Work to be completed | Find the line with "ていねいに草取りします" in the data below. Repeat it and every line after it exactly, but not the pictures.

Data section section start

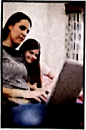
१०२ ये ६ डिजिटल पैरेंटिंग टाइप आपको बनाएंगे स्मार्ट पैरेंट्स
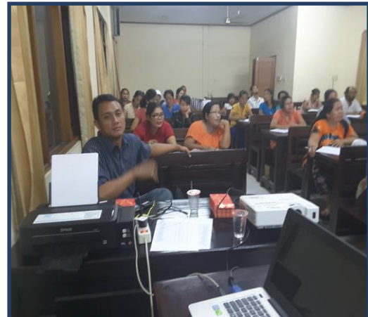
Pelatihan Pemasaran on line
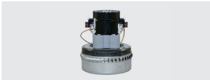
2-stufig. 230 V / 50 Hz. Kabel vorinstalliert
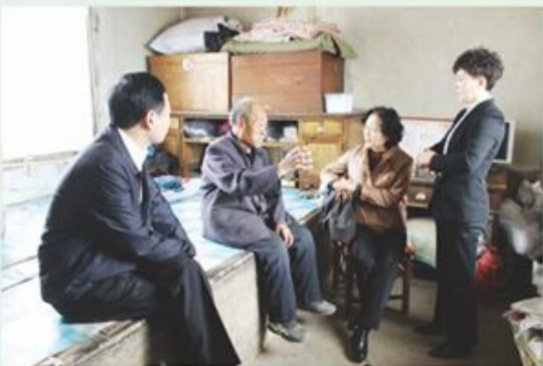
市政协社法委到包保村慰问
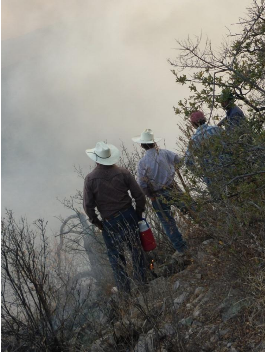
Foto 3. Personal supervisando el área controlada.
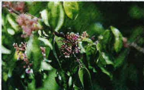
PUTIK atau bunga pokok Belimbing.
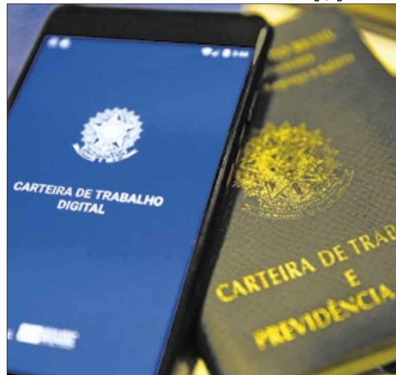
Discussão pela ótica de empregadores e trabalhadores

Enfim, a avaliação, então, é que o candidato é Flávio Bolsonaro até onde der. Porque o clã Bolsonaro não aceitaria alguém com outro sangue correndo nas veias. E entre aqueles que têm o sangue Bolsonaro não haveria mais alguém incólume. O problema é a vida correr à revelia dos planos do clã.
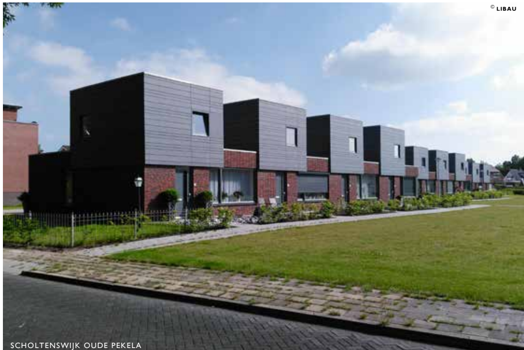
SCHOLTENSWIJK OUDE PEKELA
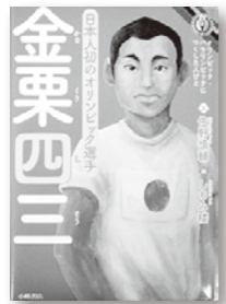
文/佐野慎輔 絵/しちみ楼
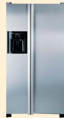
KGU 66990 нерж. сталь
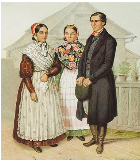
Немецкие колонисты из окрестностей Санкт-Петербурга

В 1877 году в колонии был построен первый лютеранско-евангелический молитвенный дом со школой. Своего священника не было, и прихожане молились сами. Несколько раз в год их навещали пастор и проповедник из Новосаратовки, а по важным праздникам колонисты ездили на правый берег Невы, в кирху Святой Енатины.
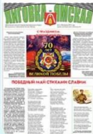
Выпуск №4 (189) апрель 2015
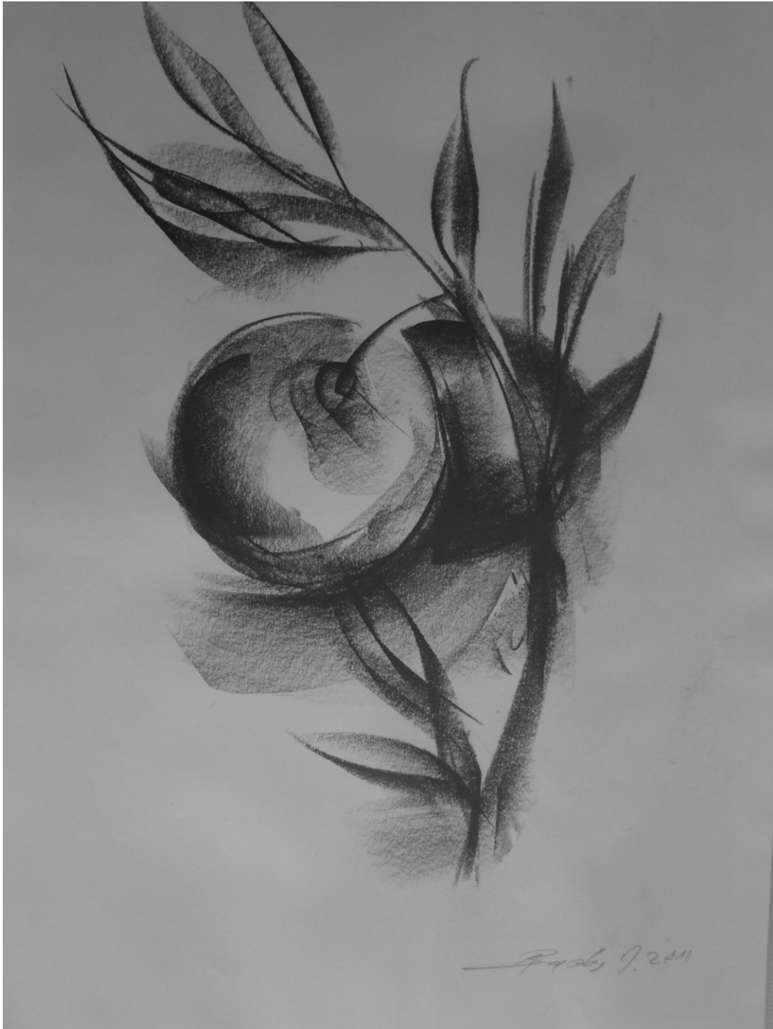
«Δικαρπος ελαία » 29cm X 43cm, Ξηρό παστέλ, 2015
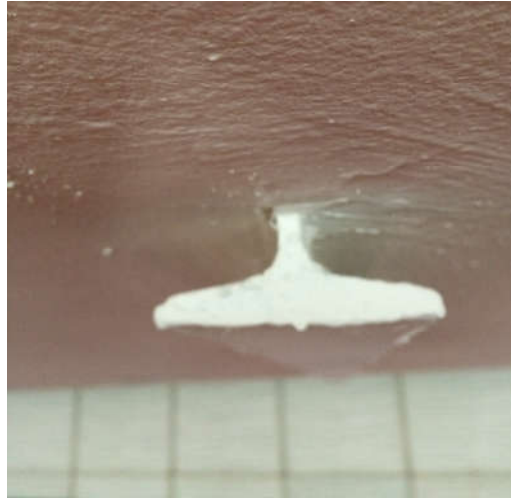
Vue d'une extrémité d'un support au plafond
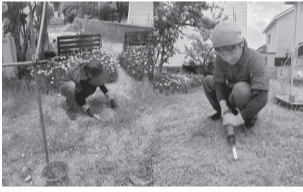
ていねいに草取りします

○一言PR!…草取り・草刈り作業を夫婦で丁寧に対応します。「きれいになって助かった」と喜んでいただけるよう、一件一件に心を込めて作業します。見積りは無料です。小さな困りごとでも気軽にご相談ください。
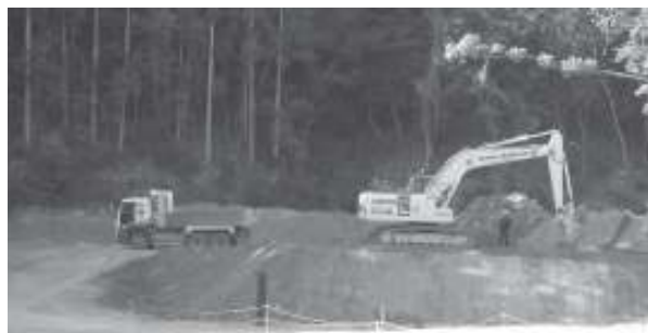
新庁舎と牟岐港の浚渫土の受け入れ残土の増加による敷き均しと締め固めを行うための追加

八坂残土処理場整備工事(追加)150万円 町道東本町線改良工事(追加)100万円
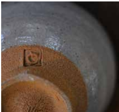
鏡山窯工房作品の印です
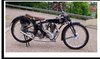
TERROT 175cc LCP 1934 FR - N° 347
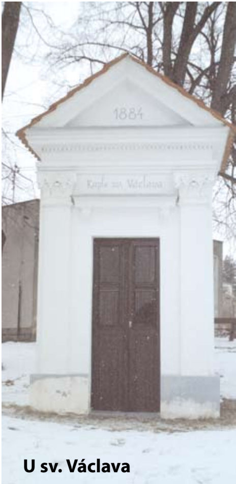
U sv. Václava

Data section section end

Output of the exercise |
ていねいに草取りします

○一言PR!…草取り・草刈り作業を夫婦で丁寧に対応します。「きれいになって助かった」と喜んでいただけるよう、一件一件に心を込めて作業します。見積りは無料です。小さな困りごとでも気軽にご相談ください。
新庁舎と牟岐港の浚渫土の受け入れ残土の増加による敷き均しと締め固めを行うための追加

八坂残土処理場整備工事(追加)150万円 町道東本町線改良工事(追加)100万円
鏡山窯工房作品の印です
TERROT 175cc LCP 1934 FR - N° 347
U sv. Václava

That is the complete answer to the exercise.